[Start of section]

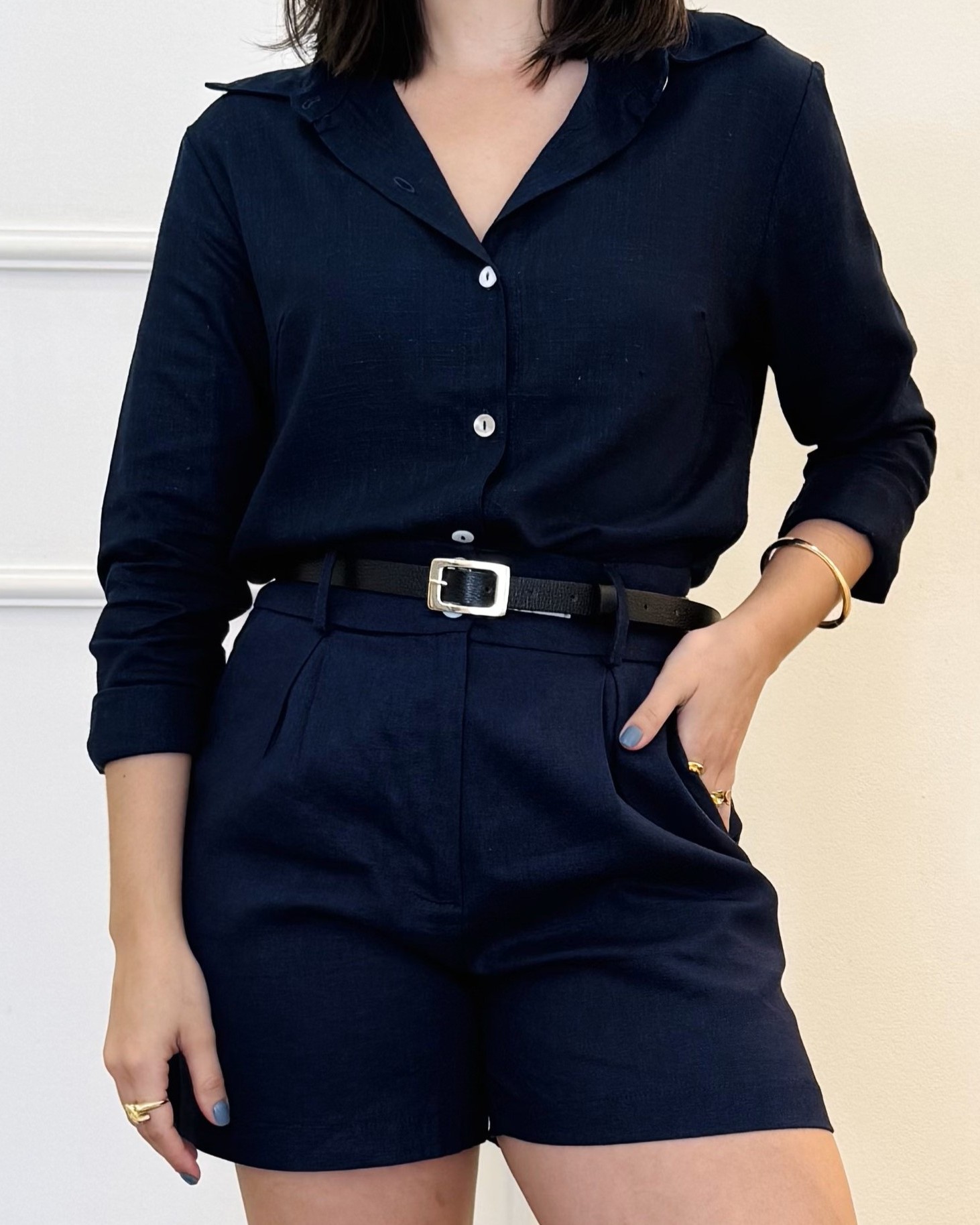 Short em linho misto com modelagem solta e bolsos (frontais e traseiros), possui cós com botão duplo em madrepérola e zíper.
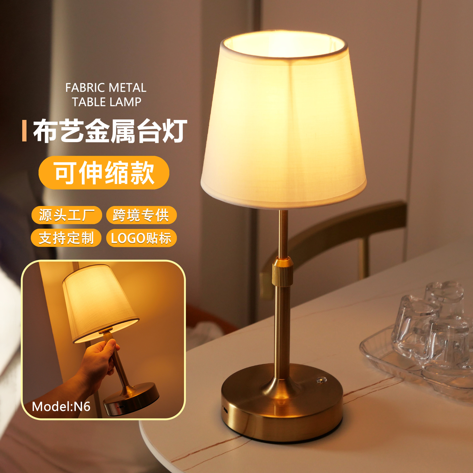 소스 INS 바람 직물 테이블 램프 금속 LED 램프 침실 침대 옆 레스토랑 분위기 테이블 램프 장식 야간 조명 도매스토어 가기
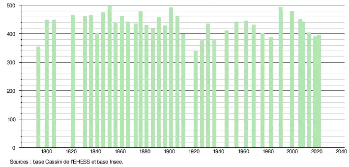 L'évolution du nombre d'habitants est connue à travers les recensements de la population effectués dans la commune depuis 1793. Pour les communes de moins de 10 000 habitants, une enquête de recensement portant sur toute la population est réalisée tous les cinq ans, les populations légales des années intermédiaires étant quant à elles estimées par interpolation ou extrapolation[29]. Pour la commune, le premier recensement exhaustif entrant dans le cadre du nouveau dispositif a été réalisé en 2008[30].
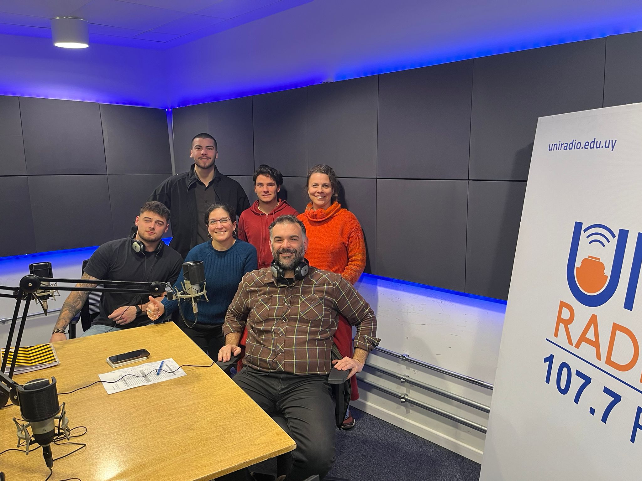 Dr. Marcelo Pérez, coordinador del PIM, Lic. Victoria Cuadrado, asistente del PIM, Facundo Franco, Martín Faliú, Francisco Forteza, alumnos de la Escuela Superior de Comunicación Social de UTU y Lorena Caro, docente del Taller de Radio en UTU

[End of section]
[Start of section]

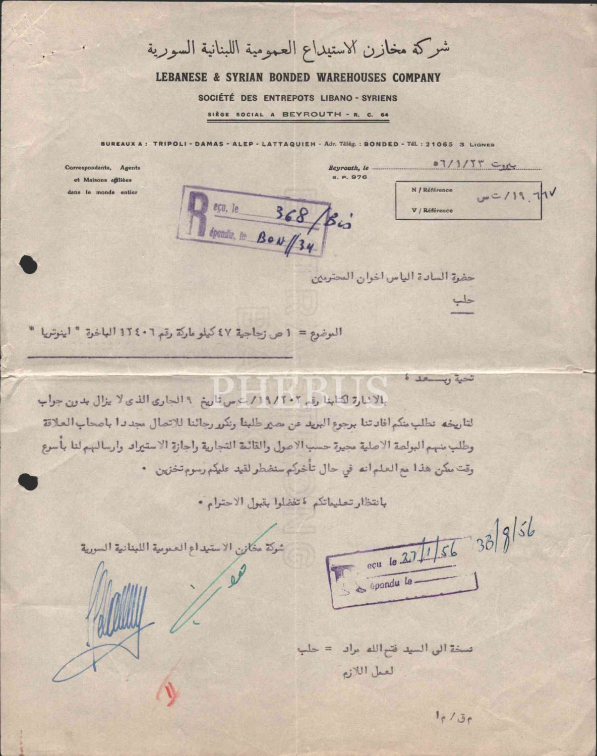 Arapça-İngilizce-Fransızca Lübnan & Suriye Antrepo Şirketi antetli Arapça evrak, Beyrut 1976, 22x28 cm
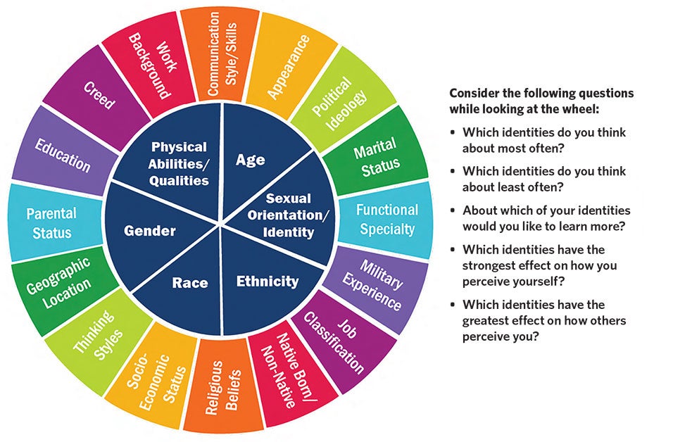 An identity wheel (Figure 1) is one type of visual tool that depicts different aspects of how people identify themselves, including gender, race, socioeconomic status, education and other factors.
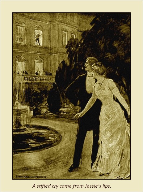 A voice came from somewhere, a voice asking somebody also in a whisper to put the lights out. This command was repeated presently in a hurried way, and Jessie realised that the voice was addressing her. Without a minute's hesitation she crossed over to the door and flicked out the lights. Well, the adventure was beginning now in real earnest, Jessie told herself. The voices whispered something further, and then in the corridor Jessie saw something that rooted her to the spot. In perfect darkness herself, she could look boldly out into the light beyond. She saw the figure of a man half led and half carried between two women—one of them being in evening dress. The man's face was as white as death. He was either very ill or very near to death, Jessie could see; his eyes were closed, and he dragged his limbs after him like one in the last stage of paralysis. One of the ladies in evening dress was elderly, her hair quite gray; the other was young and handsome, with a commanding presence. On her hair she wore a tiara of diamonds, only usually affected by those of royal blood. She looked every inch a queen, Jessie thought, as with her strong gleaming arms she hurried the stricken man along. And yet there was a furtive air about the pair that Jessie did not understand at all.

[End of section]

**What you should do**
An exact copy is needed of the stretch above that opens with the line containing "Short em linho" and closes with the line containing "Dr. Marcelo Pérez, coordinador"; the pictures are not part of it.

**Answer box**
 Short em linho misto com modelagem solta e bolsos (frontais e traseiros), possui cós com botão duplo em madrepérola e zíper.
 소스 INS 바람 직물 테이블 램프 금속 LED 램프 침실 침대 옆 레스토랑 분위기 테이블 램프 장식 야간 조명 도매스토어 가기
 L'évolution du nombre d'habitants est connue à travers les recensements de la population effectués dans la commune depuis 1793. Pour les communes de moins de 10 000 habitants, une enquête de recensement portant sur toute la population est réalisée tous les cinq ans, les populations légales des années intermédiaires étant quant à elles estimées par interpolation ou extrapolation[29]. Pour la commune, le premier recensement exhaustif entrant dans le cadre du nouveau dispositif a été réalisé en 2008[30].
 Dr. Marcelo Pérez, coordinador del PIM, Lic. Victoria Cuadrado, asistente del PIM, Facundo Franco, Martín Faliú, Francisco Forteza, alumnos de la Escuela Superior de Comunicación Social de UTU y Lorena Caro, docente del Taller de Radio en UTU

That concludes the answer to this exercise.